* _Try it_
Return the data below exactly, please, but drop the pictures.

* _Dataset content_
- - - - - - -
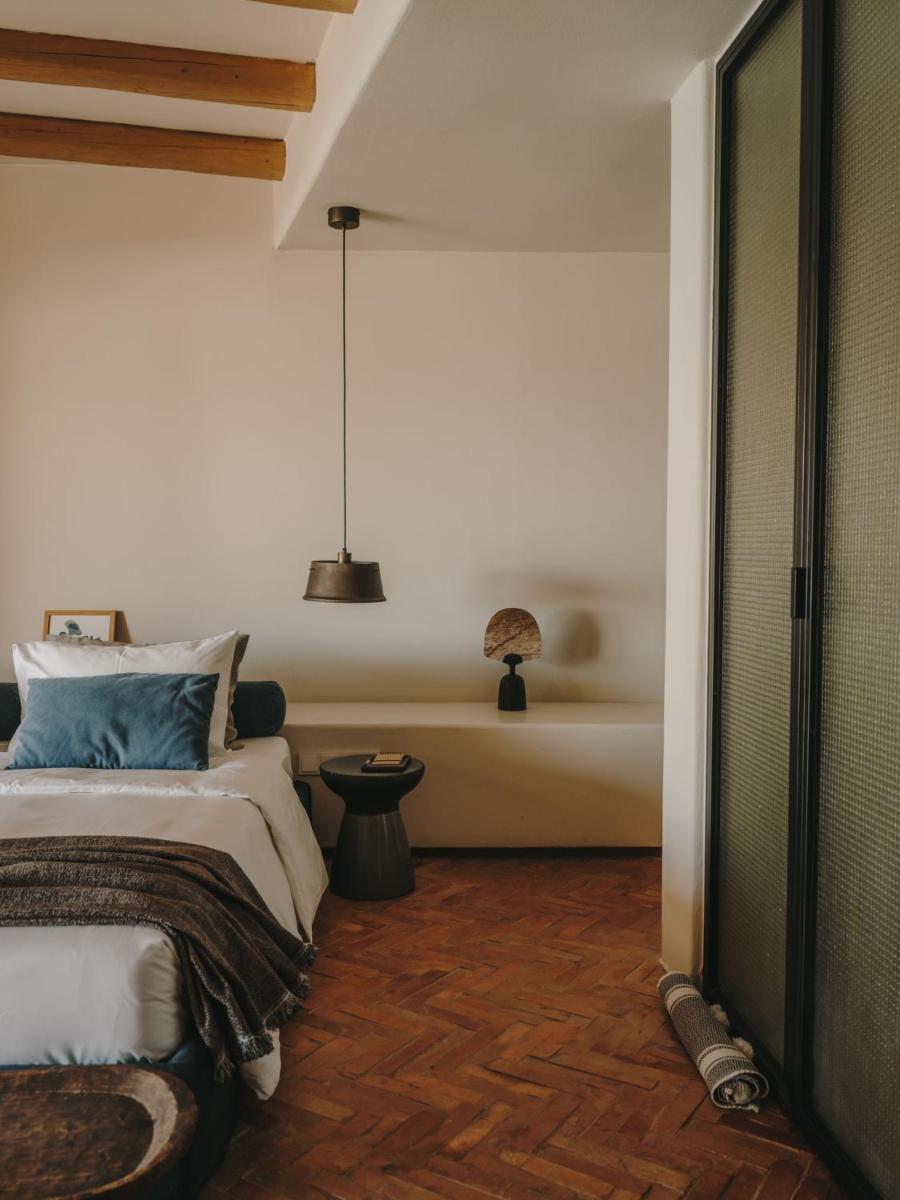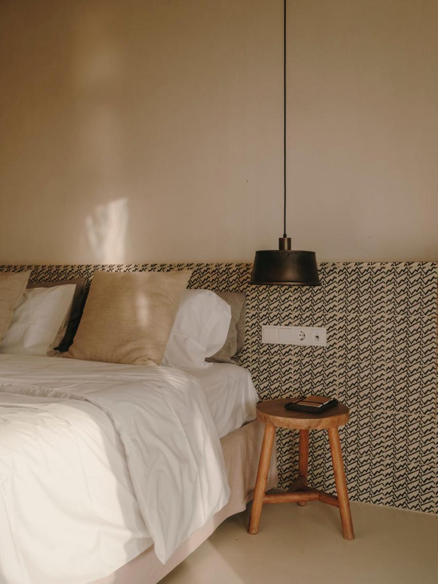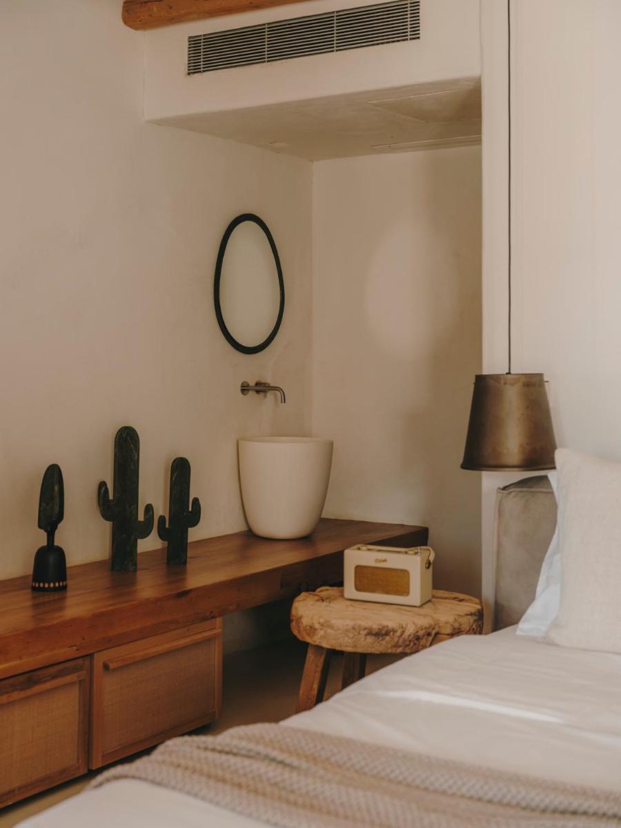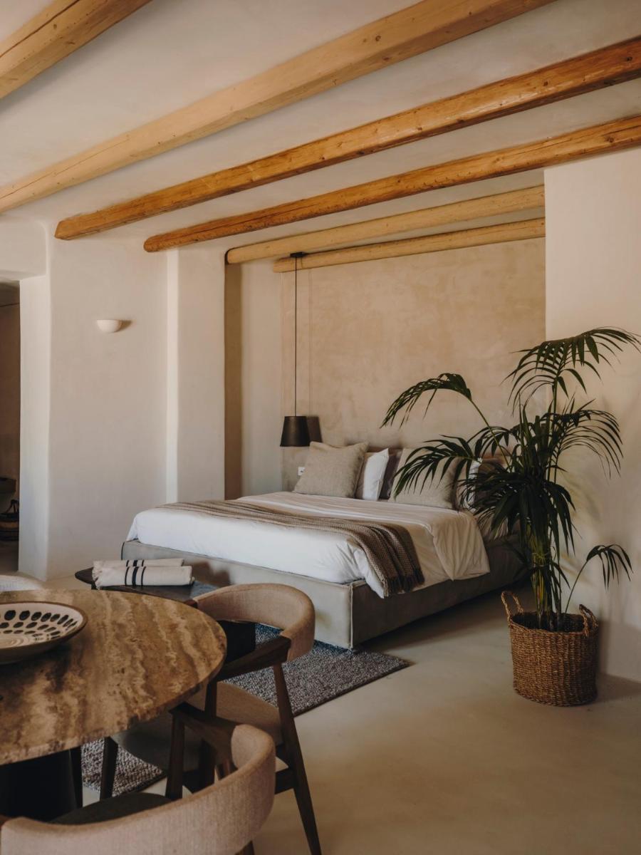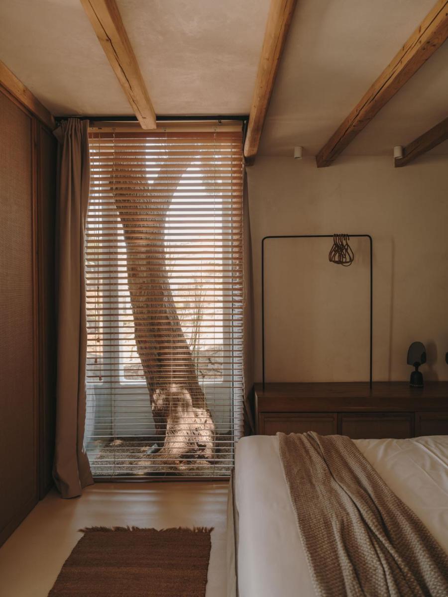 Il design è una celebrazione dell'estetica cicladica con un tocco moderno, caratterizzato da un uso abbondante di pietra a vista, legno naturale e tonalità neutre. Le sue 40 suite e ville sono ricavate in modo da integrarsi perfettamente con la scogliera, offrendo a tutte le sistemazioni una vista drammatica sul Mar Egeo e sulla spiaggia sottostante.
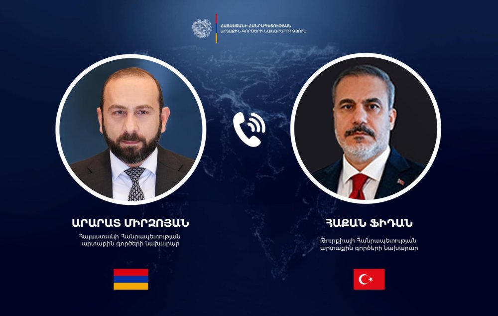 Հայաստանի Հանրապետության ԱԳ նախարար Արարատ Միրզոյանը հեռախոսազրույց է ունեցել Թուրքիայի Հանրապետության ԱԳ նախարար Հաքան Ֆիդանի հետ: Այս մասին հայտնում են ՀՀ ԱԳՆ-ից։
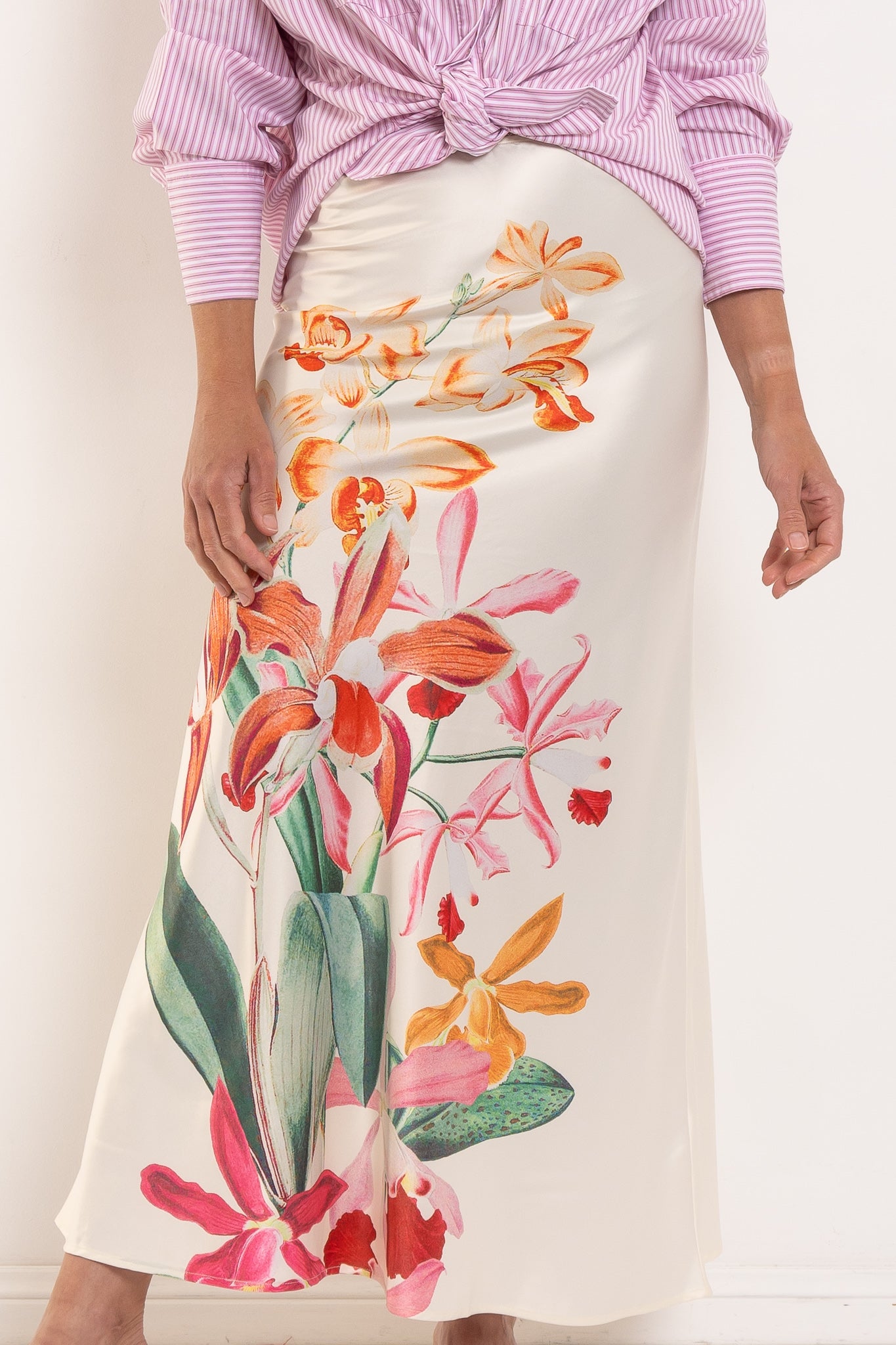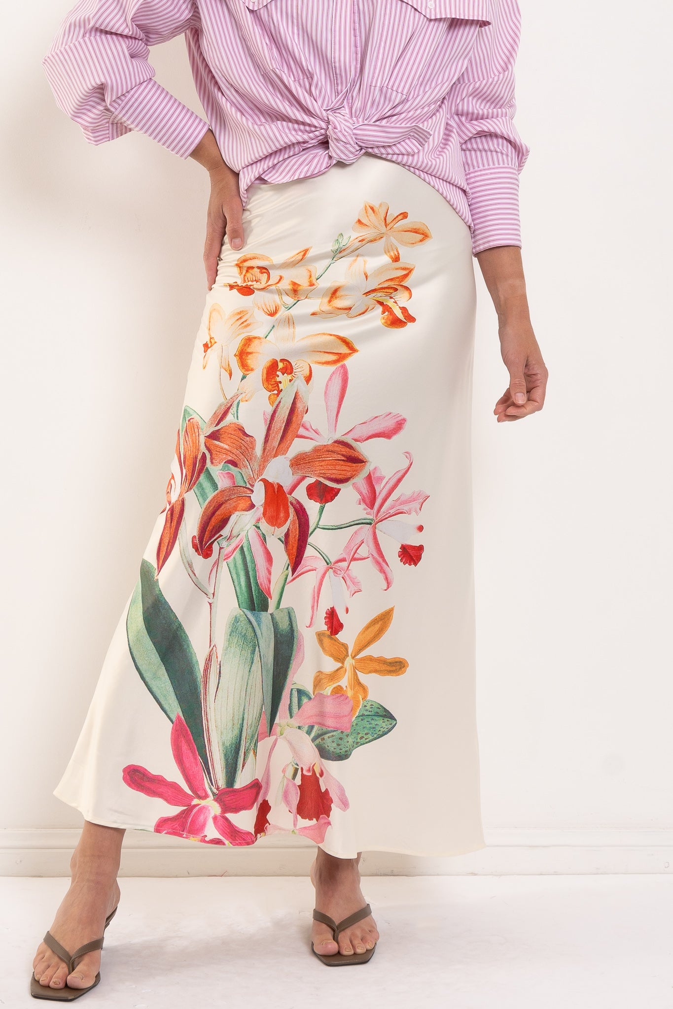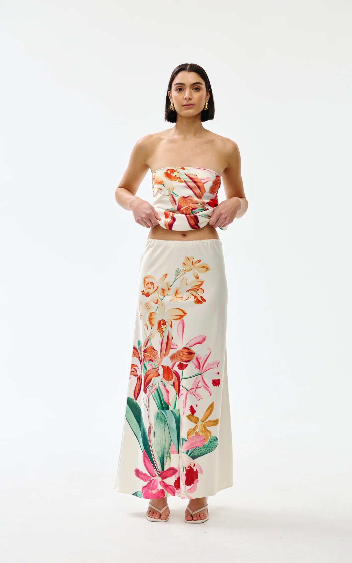 The Kinney Gia Skirt brings effortless elegance to your wardrobe with its expertly bias-cut design and graceful drape. Crafted from luxuriously lightweight fabric, this maxi skirt adapts to your style—wear it low on the hips for a relaxed vibe or high on the waist for refined sophistication. The stunning Positano print bursts with vibrant summer hues of yellow, orange, red, and pink that instantly elevate any occasion. Whether you're dressing for sun-soaked days or evening events, this flattering silhouette skims the body with ease, making it the versatile piece you'll reach for again and again.
- - - - - - -
* _Answer space_
 Il design è una celebrazione dell'estetica cicladica con un tocco moderno, caratterizzato da un uso abbondante di pietra a vista, legno naturale e tonalità neutre. Le sue 40 suite e ville sono ricavate in modo da integrarsi perfettamente con la scogliera, offrendo a tutte le sistemazioni una vista drammatica sul Mar Egeo e sulla spiaggia sottostante.
 Հայաստանի Հանրապետության ԱԳ նախարար Արարատ Միրզոյանը հեռախոսազրույց է ունեցել Թուրքիայի Հանրապետության ԱԳ նախարար Հաքան Ֆիդանի հետ: Այս մասին հայտնում են ՀՀ ԱԳՆ-ից։
 The Kinney Gia Skirt brings effortless elegance to your wardrobe with its expertly bias-cut design and graceful drape. Crafted from luxuriously lightweight fabric, this maxi skirt adapts to your style—wear it low on the hips for a relaxed vibe or high on the waist for refined sophistication. The stunning Positano print bursts with vibrant summer hues of yellow, orange, red, and pink that instantly elevate any occasion. Whether you're dressing for sun-soaked days or evening events, this flattering silhouette skims the body with ease, making it the versatile piece you'll reach for again and again.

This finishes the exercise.